I've been building a custom fantasy football management platform for our league. We outgrew Sleeper and ESPN years ago—our contract and salary cap rules are too complex for off-the-shelf platforms. The app handles rosters, contracts, trades, and all the league administration.
But I knew that even with a dedicated app, our commissioner would still get questions. League members will always prefer asking a human over navigating UI and doing cap math in their heads. That's just friction.
So I decided to build an AI assistant into the platform from the start.
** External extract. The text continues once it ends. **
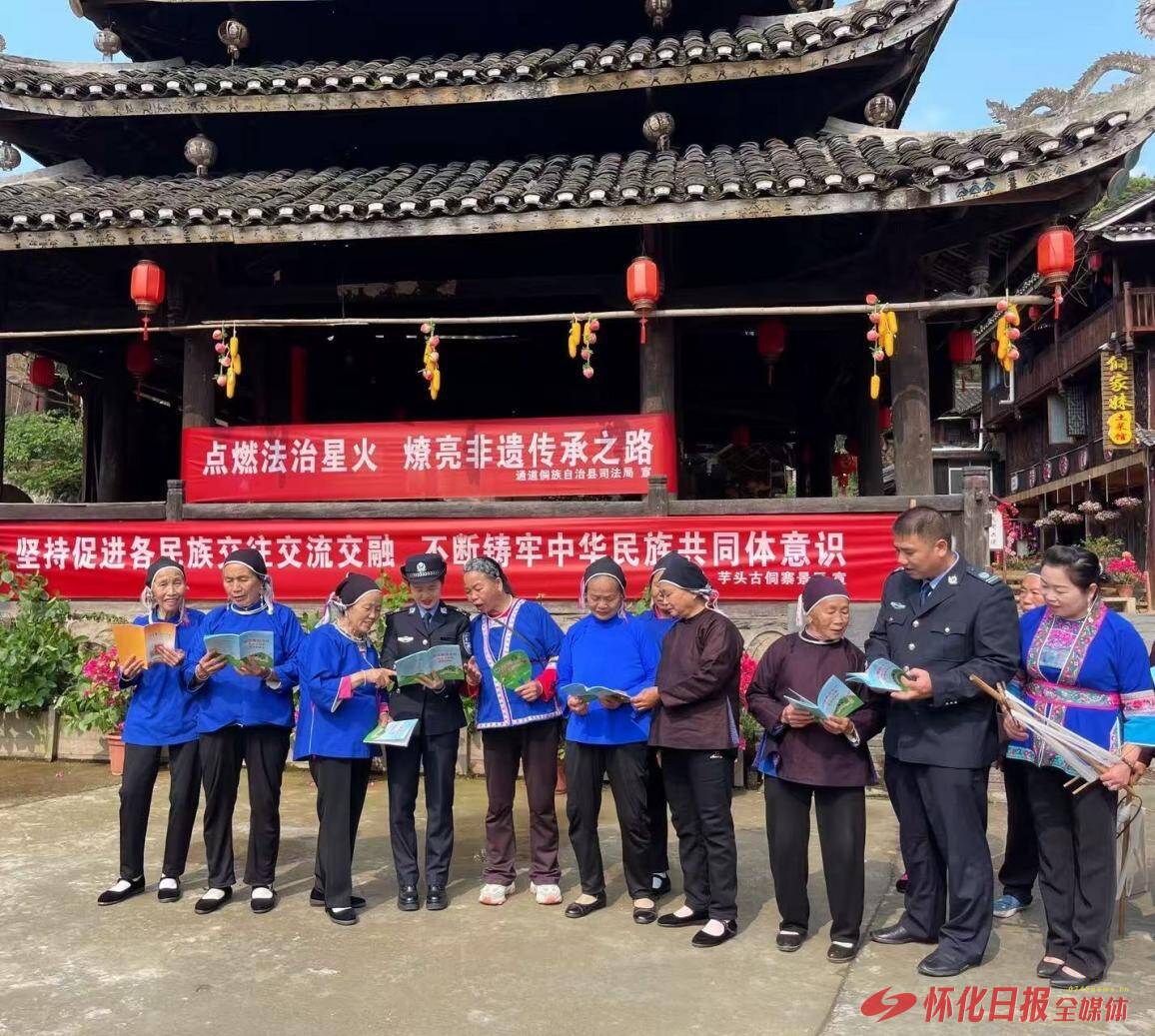 非遗融合开辟“新路径”。在鼓楼设立“四碗油茶解纷角”,邀请“歌师”现场弹唱《侗乡婚育新风尚》《宁暗乃赖齐对夫》等侗族大歌,以歌叙理、以理服人。运用“月也”“坐妹”习俗,在琵琶歌伴奏下,将“家庭是幸福的港湾”“团结是家庭的根基”等理念深入人心,以文化感染力引导当事人反思自身行为、珍惜家庭情谊,从“要我和”转变为“我要和”。创新打造“侗锦织情”工作坊,邀请纠纷夫妻共同参与象征和解的“同心锦”编织。在丝线穿梭、经纬交织的协作过程中,引导双方放慢情绪、敞开心扉,通过指尖互动回忆相处温情、化解隔阂分歧,在传统技艺的浸润中修复婚姻情感、重拾彼此信任,让文化赋能婚姻调解。将《反家庭暴力法》等婚姻家庭相关法律法规,巧妙融入生活化剧情,创编《婚姻新办》《家庭风波》等系列侗戏。今年组织文艺骨干深入各村寨开展巡演170余场,以生动演绎替代生硬说教,覆盖群众6万余人次,让普法宣传更接地气、入脑入心,筑牢婚姻家庭法治根基。

Not a generic chatbot that hallucinates stats, but an agent with direct access to real league data—rosters, contracts, rules, and settings.
The requirements were clear:
- Answer rule questions instantly without anyone digging through documents
- Pull up any team's roster, contracts, and cap situation on demand
- Remember context about each user across conversations
- Have some personality—because fantasy football should be fun
I'd been using Convex for the league management app already, so when I discovered their Agent SDK, the pieces clicked together.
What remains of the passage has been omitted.